As investors or business owners, certain financial analysis scenarios may require you to make careful assumptions to estimate the price of a product. These situations arise when there isn’t a ready consumer base for the product or the price depends on various unique and intangible factors that make cost determination difficult. In such situations, shadow pricing techniques are used to price the items.
What is shadow price?
The shadow price is an approximate cost of a product not usually sold in the market. Since there is no base price to help determine the product’s cost, several assumptions are made, and estimates are drawn to arrive at the shadow price.
Additionally, assigning a shadow price helps conduct a cost-benefit analysis of an abstract commodity that is not usually traded as an individual asset in the market.
These assets or commodities include intangible assets and production costs. Intangible assets are mainly evaluated using shadow pricing for cost-benefit accounting.
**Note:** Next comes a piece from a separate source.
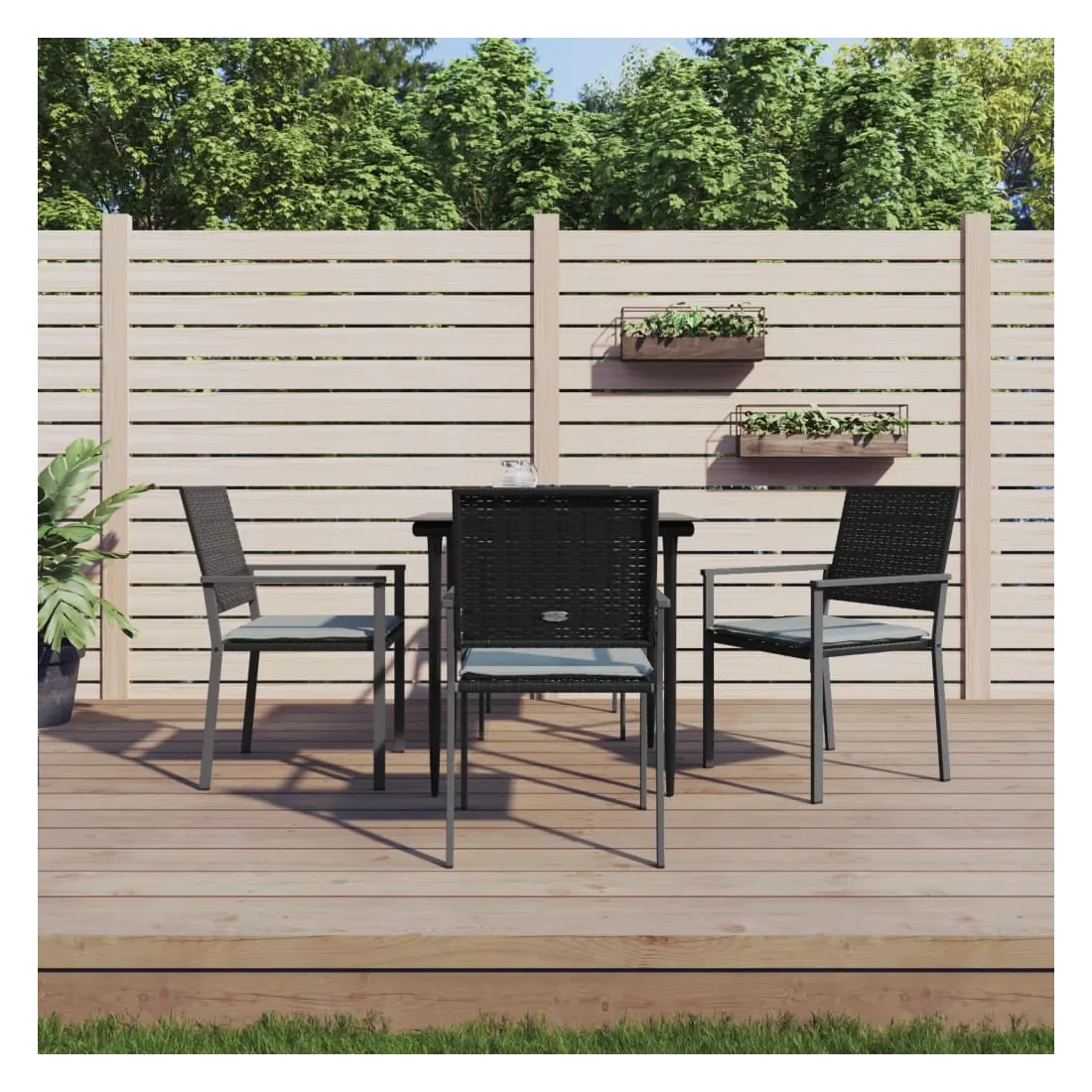 Cet ensemble à manger de jardin, combinant à la fois style et fonctionnalité, est sûrement destiné à être la pièce maîtresse de votre jardin, terrasse et de tout autre espace de vie. Matériau résistant aux intempéries : la résine tressée, également connue sous le nom de rotin poly, résiste aux intempéries et est facile à nettoyer. Elle reste belle à l'extérieur pendant une longue période. Elle offre une excellente qualité, commodité et un aspect esthétique.Cadre robuste et stable : les cadres en acier rendent l'ensemble à manger robuste et stable pour une utilisation quotidienne à l'extérieur.Dessus de table pratique : le plateau lisse de la table à manger est en verre trempé facile à nettoyer avec un chiffon humide. De plus, il offre un excellent support pour contenir vos repas, boissons et autres objets décoratifs.Assise confortable : la chaise de salle à manger est conçue avec des accoudoirs pour vous offrir une expérience d'assise confortable. Le coussin de siège épais et rembourré offre un confort ultime pendant votre temps d'assise. Remarque :Pour que vos meubles d'extérieur restent beaux, nous vous recommandons de les protéger avec une housse imperméable.

Shadow price may also refer to the true price of a money market fund share, even if its value is negligible. Also, economists use this concept to evaluate public infrastructure projects.
How do shadow pricing techniques work?
Shadow price commonly refers to the assumed price of an accounting entry or an asset that usually doesn’t carry a price. This price is based on cost and value estimates and is not precise. The absence of data to back the shadow price always poses the risk of inaccuracy.
Despite its approximate value, it helps with critical decision-making.
Shadow pricing techniques, as mentioned above, are used in money market funds and involve accounting for the securities’ price based on amortised costs and not the market value assigned to them.
This is because the nominal Net Asset Value (NAV) of money market fund shares is always $1, even with slight deviations. The law mandates such money market funds to reveal the real NAV, i.e., the shadow price. This helps portray the fund’s performance more accurately to the investors.
However, this application of shadow price is less common when compared to its use in cost-benefit analysis.
Common applications of the shadow pricing concept:
- Evaluation of public infrastructure projects: Shadow pricing techniques are vital in public infrastructure projects. Public sector plans rely heavily on approximate capital prices, foreign exchange, and other aspects that do not have a fixed cost. Thus, public parks, transportation, and other public infrastructure projects can be evaluated using shadow pricing.
- Decision-making in business: Businesses can assess the sustainability of new ideas by conducting a cost-benefit analysis based on shadow price. This helps them make essential business decisions.
The significance of shadow pricing:
While not the most accurate, the shadow pricing technique has several significant advantages. Many important decisions of a business depend on qualitative aspects. Shadow pricing helps assign a numerical value to these aspects so that the decision-making process is simplified.
Once a quantified value is assigned to a commodity under consideration, it is easier to calculate opportunity cost, further improving the decision-making process. It also becomes easier to assign a monetary value to individual tasks associated with a project. Using shadow pricing, businesses can avoid pricing their items lower than the deserved price.
Irrespective of the size of the business, economic calculations across the board can be simplified with the shadow pricing technique.
Shadow pricing is an important concept that helps ascertain the economic viability of a project by assigning quantitative values to qualitative aspects. Shadow pricing technique is valuable for businesses as it helps assess a project’s feasibility based on its costs and advantages. While it has some limitations, it helps with business-related decision-making and evaluating financial projects.